- YOUR INSTRUCTIONS:
From the entries that follow, reproduce exactly and only the lines from the line with "Пара исполнила цель" to the line with "Cartoon by Charles", endpoints included.

- SUPPLIED MATERIAL:

________________

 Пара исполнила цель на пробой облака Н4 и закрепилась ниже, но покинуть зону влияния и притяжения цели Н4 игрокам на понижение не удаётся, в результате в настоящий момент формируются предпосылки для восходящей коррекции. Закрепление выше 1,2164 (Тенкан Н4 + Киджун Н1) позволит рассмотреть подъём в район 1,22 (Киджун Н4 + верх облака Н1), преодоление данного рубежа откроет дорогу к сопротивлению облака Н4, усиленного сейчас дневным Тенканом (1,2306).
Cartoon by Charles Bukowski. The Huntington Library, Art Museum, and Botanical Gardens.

________________

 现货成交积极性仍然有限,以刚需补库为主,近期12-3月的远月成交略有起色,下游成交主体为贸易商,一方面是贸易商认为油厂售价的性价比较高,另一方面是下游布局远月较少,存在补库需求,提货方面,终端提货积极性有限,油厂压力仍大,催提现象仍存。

________________

- WORKED SOLUTION:
 Пара исполнила цель на пробой облака Н4 и закрепилась ниже, но покинуть зону влияния и притяжения цели Н4 игрокам на понижение не удаётся, в результате в настоящий момент формируются предпосылки для восходящей коррекции. Закрепление выше 1,2164 (Тенкан Н4 + Киджун Н1) позволит рассмотреть подъём в район 1,22 (Киджун Н4 + верх облака Н1), преодоление данного рубежа откроет дорогу к сопротивлению облака Н4, усиленного сейчас дневным Тенканом (1,2306).
Cartoon by Charles Bukowski. The Huntington Library, Art Museum, and Botanical Gardens.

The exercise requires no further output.